Stella is a township in Oneida County, Wisconsin, United States. The population was 569 at the 2020 census. The unincorporated community of Starks is located within the Town of Stella.

==History==
The township was named for Stella, a character mentioned in works by Jonathan Swift.

==Geography==
According to the United States Census Bureau, the township has a total area of 37.3 square miles (96.6 km^{2}), of which 35.3 square miles (91.5 km^{2}) is land and 2.0 square miles (5.1 km^{2}) (5.26%) is water.

==Demographics==
As of the census of 2000, there were 633 people, 236 households, and 188 families residing in the township. The population density was 17.9 people per square mile (6.9/km^{2}). There were 316 housing units at an average density of 8.9 per square mile (3.5/km^{2}). The racial makeup of the township was 97.63% White, 0.47% Native American, 0.16% Asian, 0.16% from other races, and 1.58% from two or more races. Hispanic or Latino of any race were 0.32% of the population.

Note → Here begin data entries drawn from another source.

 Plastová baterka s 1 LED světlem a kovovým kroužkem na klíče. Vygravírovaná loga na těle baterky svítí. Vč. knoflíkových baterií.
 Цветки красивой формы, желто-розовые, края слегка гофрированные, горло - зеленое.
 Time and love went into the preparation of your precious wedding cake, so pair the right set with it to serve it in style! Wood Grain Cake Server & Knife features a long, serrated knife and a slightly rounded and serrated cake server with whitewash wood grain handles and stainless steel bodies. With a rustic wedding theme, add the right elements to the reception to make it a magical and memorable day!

There were 236 households, out of which 30.9% had children under the age of 18 living with them, 67.4% were married couples living together, 7.6% had a female householder with no husband present, and 20.3% were non-families. 14.4% of all households were made up of individuals, and 5.5% had someone living alone who was 65 years of age or older. The average household size was 2.65 and the average family size was 2.90.

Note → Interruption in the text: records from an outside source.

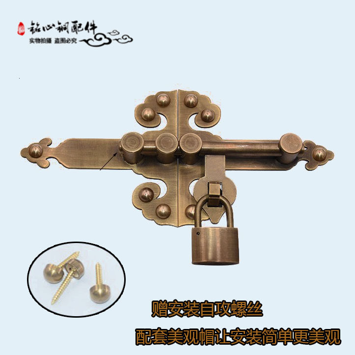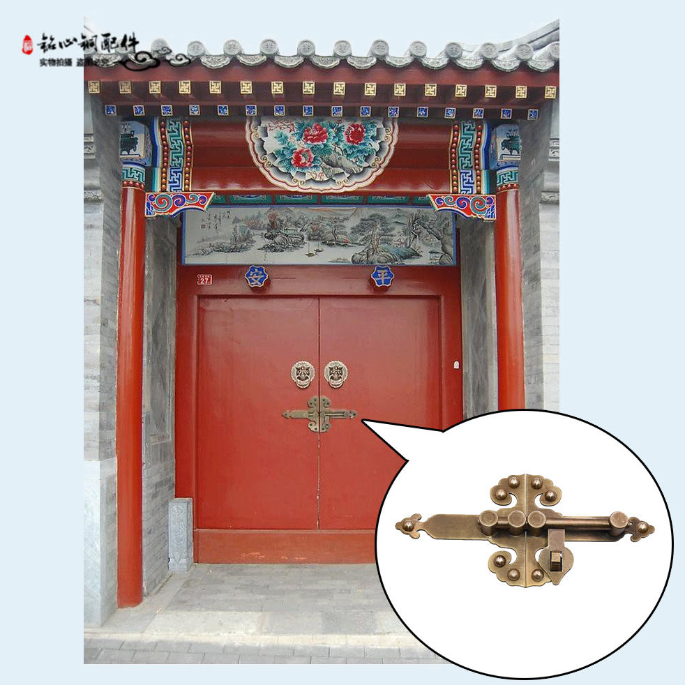 Chinese antique pure copper gate door bolt surface-mounted latch retro courtyard wooden door latch old-fashioned door lock all copper door buckle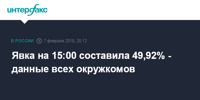 Киев. 7 февраля. INTERFAX.RU - По состоянию на 15:00 воскресенья явка украинских избирателей на президентских выборах составила 49,92%.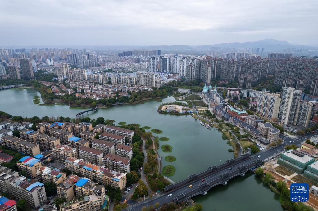 這是11月12日在常德城區拍攝的穿紫河生態(tài)治理工程及周邊景色(無(wú)人機照片)。 新華社記者陳思汗攝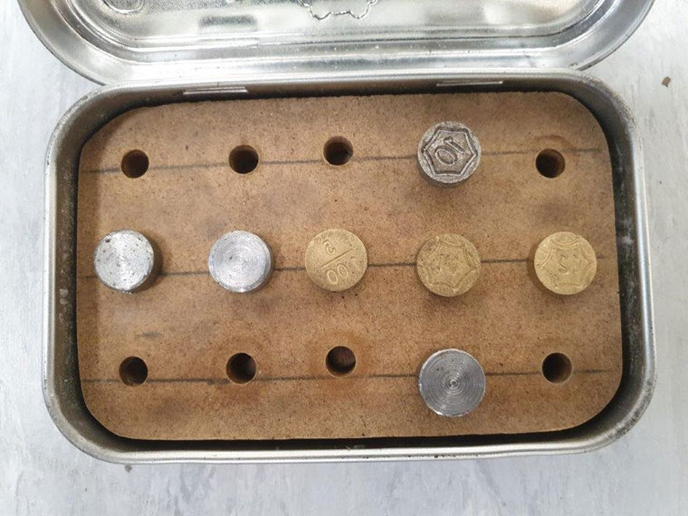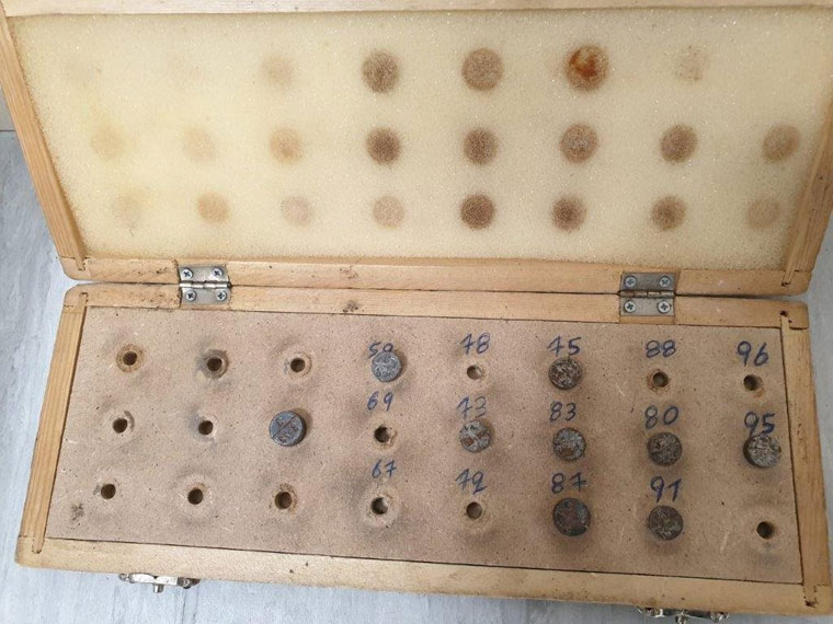 -πλήθος από εργαλεία για τις παρεμβάσεις, μολύβδινες σφραγίδες, μεταλλικές μήτρες σφράγισης και άλλα συναφή αντικείμενα,

In the township, the population was spread out, with 25.6% under the age of 18, 6.2% from 18 to 24, 27.2% from 25 to 44, 28.6% from 45 to 64, and 12.5% who were 65 years of age or older. The median age was 39 years. For every 100 females, there were 99.1 males. For every 100 females age 18 and over, there were 94.6 males.

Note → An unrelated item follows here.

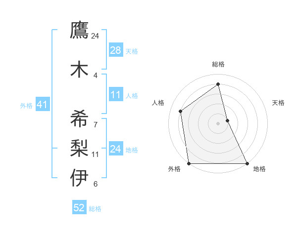 鷹木 希梨伊さんを姓名の画数から五運を鑑定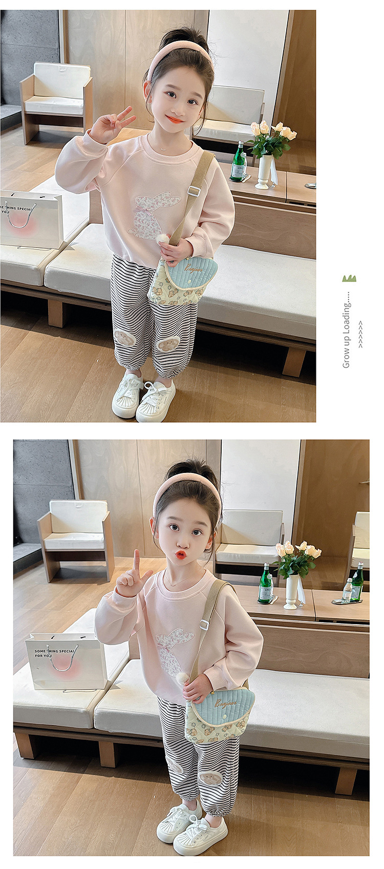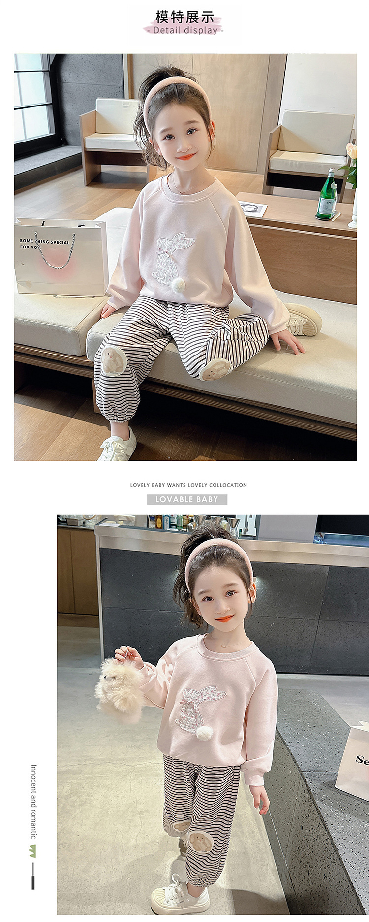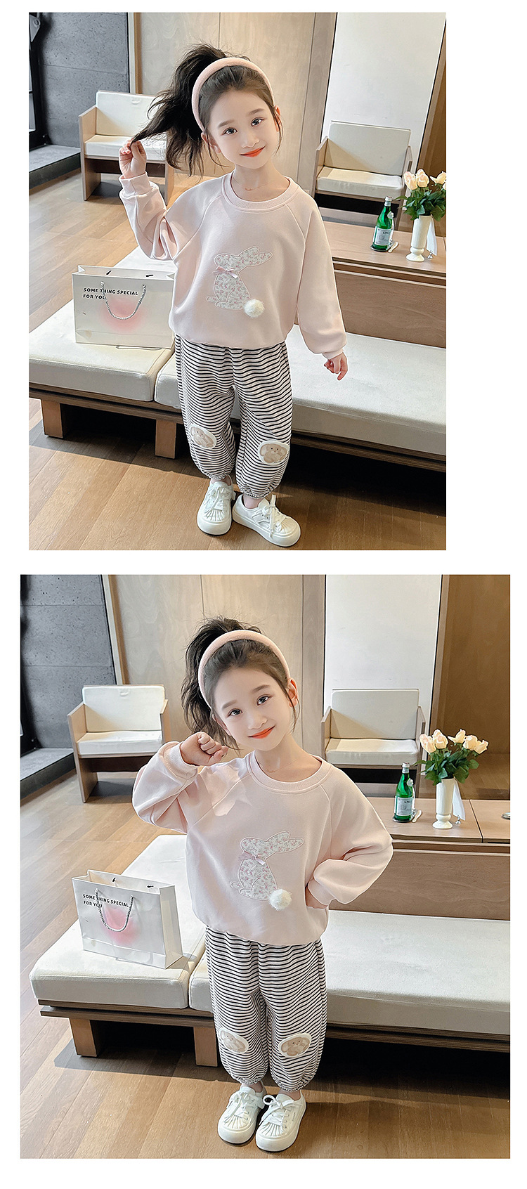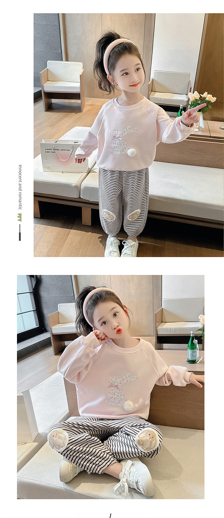 소녀 스웨터 세트 봄과 가을 2024 새로운 패션 어린 소녀 만화 토끼 캐주얼 2 피스 세트스토어 가기

The median income for a household in the township was $40,909, and the median income for a family was $46,375. Males had a median income of $36,375 versus $20,694 for females. The per capita income for the township was $16,712. About 5.1% of families and 8.3% of the population were below the poverty line, including 7.9% of those under age 18 and 3.9% of those age 65 or over.

==Transportation==
The Rhinelander-Oneida County Airport (KRHI) serves the Town of Stella, the county and surrounding communities with both scheduled commercial jet service and general aviation services.